The European Union's main privacy regulator for Facebook slapped the company with a 265 million euro fine—equivalent to $276 million—for lacking safeguards against "data scrapers."
Ireland's Data Protection Commission, which enforces EU law, on Monday penalized Meta, Facebook's parent company, for not taking "sufficient technical and organizational steps to prevent" the mass collection and publication of more than half-a-billion users' phone numbers and other profile information, the Wall Street Journal reports:
Monday's fine stems from disclosures in the spring of 2021 that a hacker had published personal phone numbers and other profile information of more than 530 million Facebook users. In response, Meta said the information stemmed from mass "scraping" of public profiles that it said it had discovered and halted in 2019.
The company, at the time known as Facebook, said the data had been gathered by what it said were malicious actors who misused a Facebook tool called "Contact Importer" to upload a large volume of phone numbers to see which ones matched the service's users. On Monday, the company reiterated that it had removed the ability to use phone numbers to scrape its services in this way in 2019. ...
In addition to the fine, the regulator ordered Meta to change its systems to make such a leak less likely.

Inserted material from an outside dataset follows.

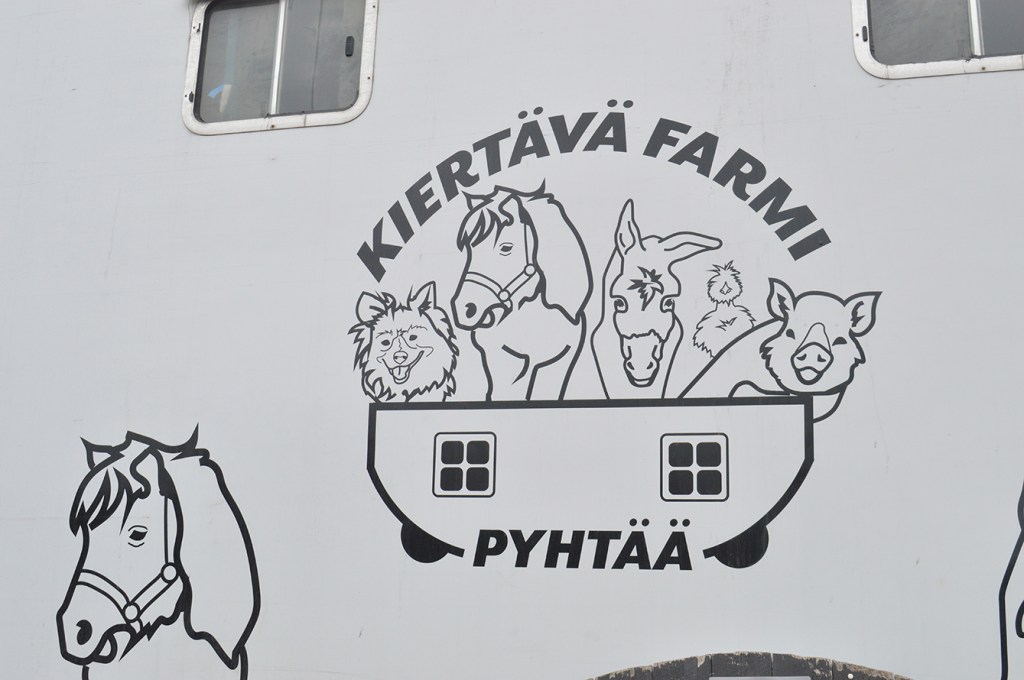 En kringresande farm från Pyttis, det är vad det står på skylten. Hemböle djurpark tar djuren med i sina fordon och besöker allt från daghem till åldringshem och olika evenemang. När jag fotograferade skylten besökte farmen påskäggsjakten i Lovisa på Bastion Ungerns område.

This is the third fine that the Irish regulator has imposed on the tech giant and its subsidiaries in the last 15 months, costing Meta a total of $900 million. Meta-owned Instagram and WhatsApp in September each faced hundreds of millions of dollars in fines for allegedly mishandling children's data and failing to fully disclose how it handles user data, respectively. Meta is appealing both penalties. A spokesman told the Journal that the company has yet to decide if it will appeal the third fine.